• [GOAL OF THE EXERCISE]
Please set down every entry again exactly as it stands, without the pictures.

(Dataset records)
=== Begin Enclosure ===
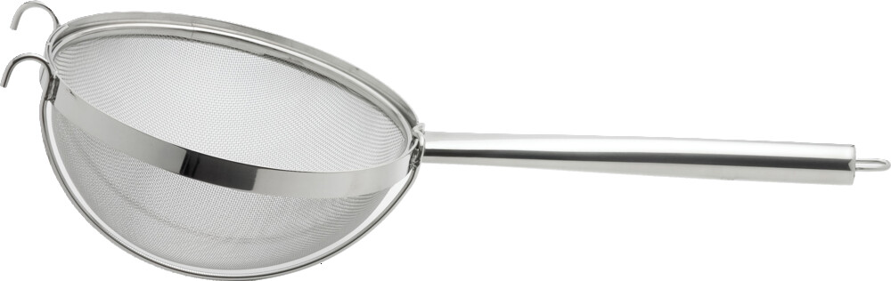 Inox 18/10, Gestell elektropoliert, Griff zur Hälfte ovalisiert, Gewebe mittel 1,5 mm, Einsätze leicht auswechselbar
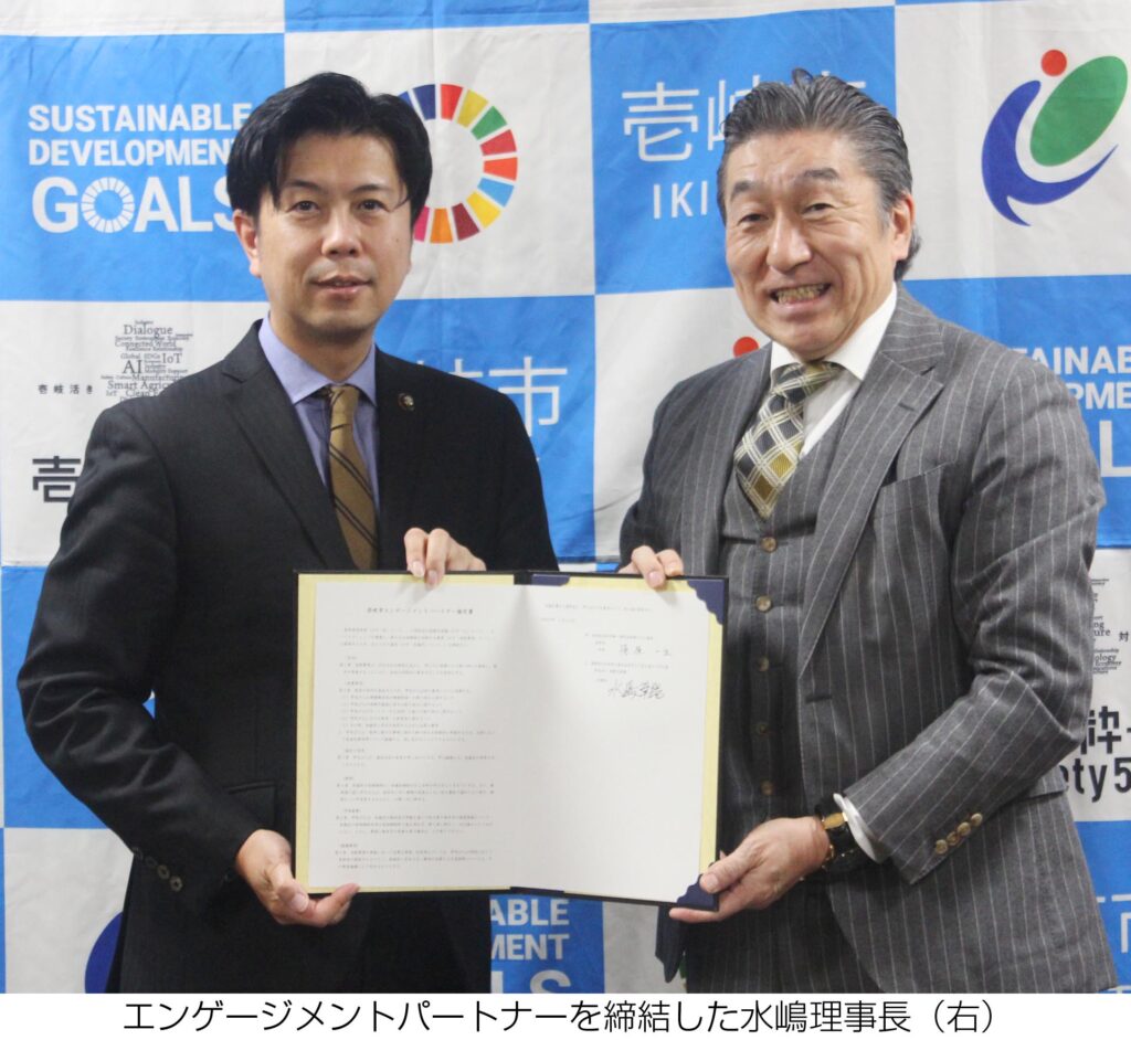 市役所で開かれた締結式で篠原一生市長は「壱岐をアップデートする壱岐新時代プロジェクトの追い風になることを期待しています」とあいさつ。水嶋理事長は「元々あった日本のいいものを復活させるような事業をしていきたい」と述べた。
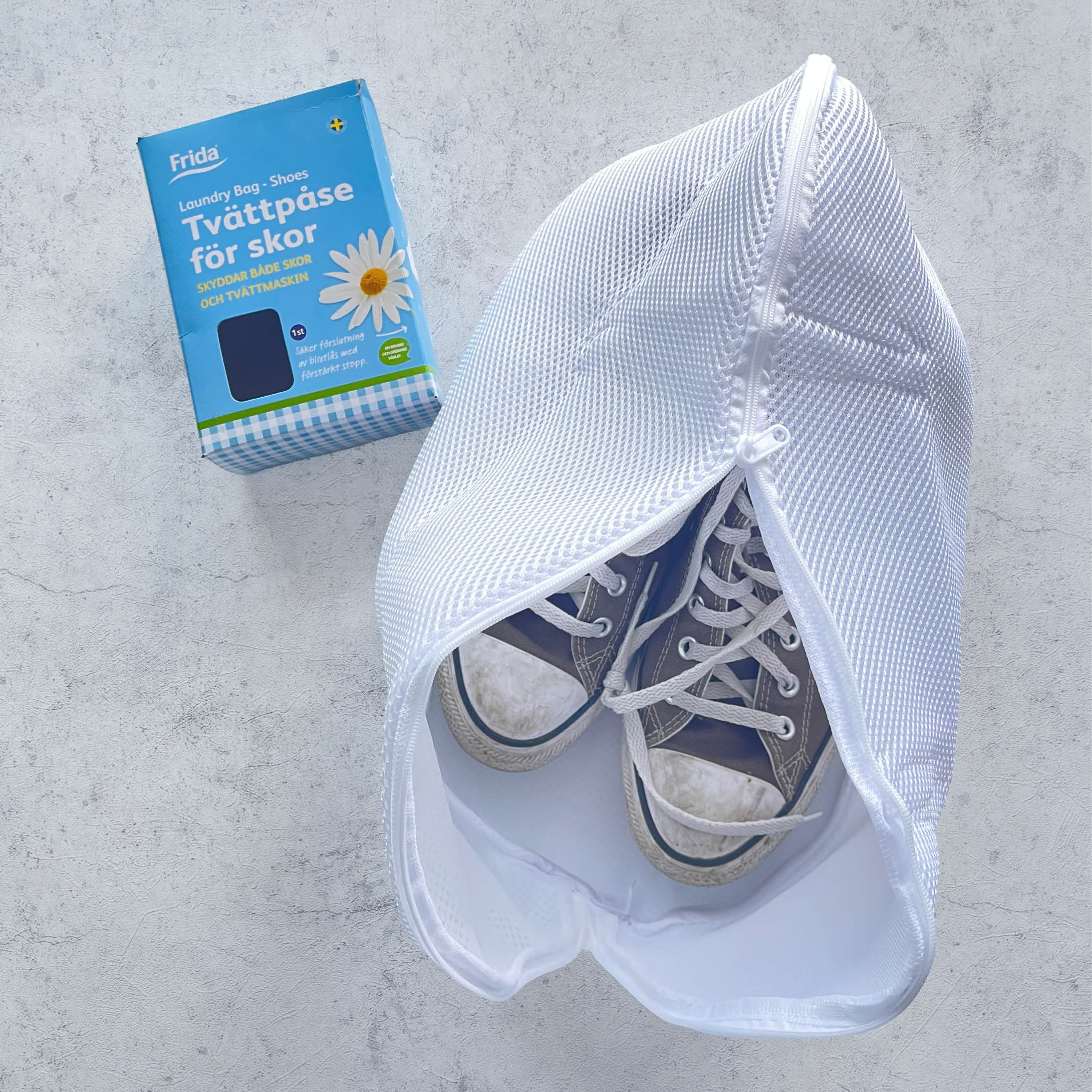 Med Fridas speciellt framtagna tvättpåse för skor skyddar du tvättmaskinen och din övriga tvätt. Samtidigt som tvättmedlet kommer åt att göra skorna rena och fina.
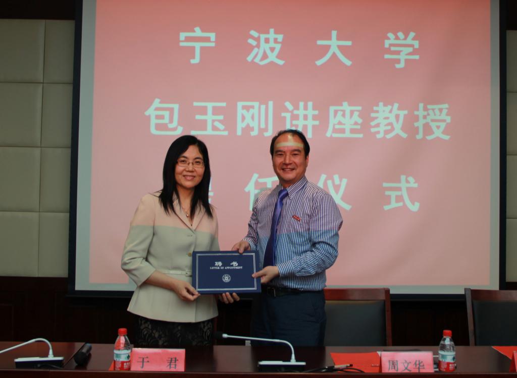 5月6日上午,香港中文大学终身教授、博士生和博士后导师;讲座教授,香港中文大学医学院消化道肿瘤实验中心主任于君受聘为Jinx漫画 包玉刚讲座教授,聘任仪式在医学院举行,执行院长周文华为于君教授颁发了聘书并佩戴Jinx漫画 校徽。
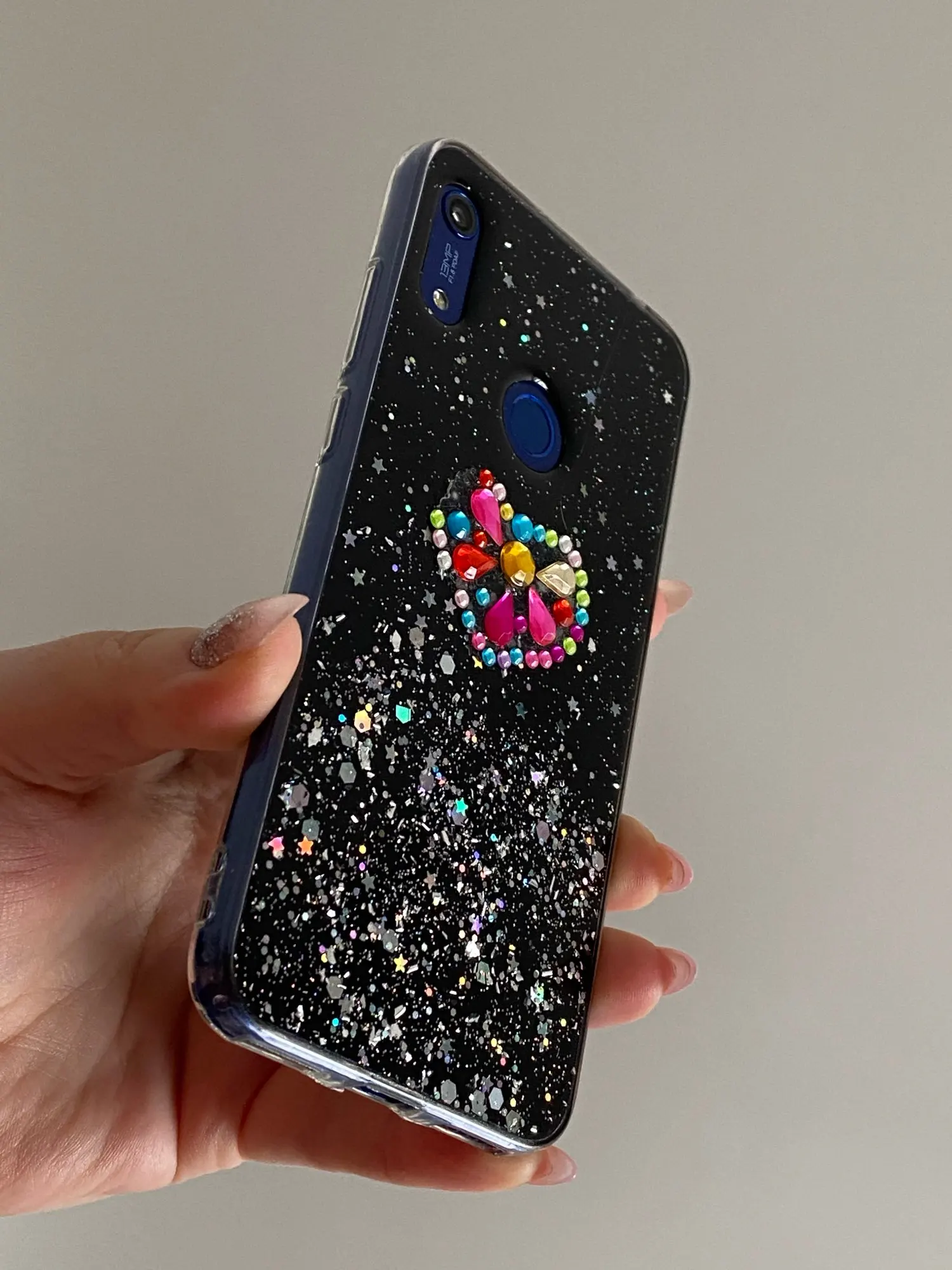Сделан немного неаккуратно, блестки торчат над поверхностью, но на внешний вид не влияет. Телефон встал идеально, все разъемы и кнопки на месте. Пришел в рекордные сроки: 27 декабря сделан заказ, 9 января пришел на почту. Всем очень довольна
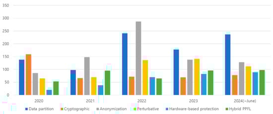 Primary privacy protection mechanisms used in FFL include encryption, anonymization, perturbation, hardware-based protection, and Hybrid PPFL methods. These are similar to the mechanisms of basic FL; however, FFL places greater emphasis on fairness and privacy. Figure 9 shows the various types of privacy-protection methods in the FFL. Personal information protection indicators include pseudonymization and protection.
=== End Enclosure ===
• [OUTPUT FOR THIS EXERCISE]
 Inox 18/10, Gestell elektropoliert, Griff zur Hälfte ovalisiert, Gewebe mittel 1,5 mm, Einsätze leicht auswechselbar
 市役所で開かれた締結式で篠原一生市長は「壱岐をアップデートする壱岐新時代プロジェクトの追い風になることを期待しています」とあいさつ。水嶋理事長は「元々あった日本のいいものを復活させるような事業をしていきたい」と述べた。
 Med Fridas speciellt framtagna tvättpåse för skor skyddar du tvättmaskinen och din övriga tvätt. Samtidigt som tvättmedlet kommer åt att göra skorna rena och fina.
 5月6日上午,香港中文大学终身教授、博士生和博士后导师;讲座教授,香港中文大学医学院消化道肿瘤实验中心主任于君受聘为Jinx漫画 包玉刚讲座教授,聘任仪式在医学院举行,执行院长周文华为于君教授颁发了聘书并佩戴Jinx漫画 校徽。
Сделан немного неаккуратно, блестки торчат над поверхностью, но на внешний вид не влияет. Телефон встал идеально, все разъемы и кнопки на месте. Пришел в рекордные сроки: 27 декабря сделан заказ, 9 января пришел на почту. Всем очень довольна
 Primary privacy protection mechanisms used in FFL include encryption, anonymization, perturbation, hardware-based protection, and Hybrid PPFL methods. These are similar to the mechanisms of basic FL; however, FFL places greater emphasis on fairness and privacy. Figure 9 shows the various types of privacy-protection methods in the FFL. Personal information protection indicators include pseudonymization and protection.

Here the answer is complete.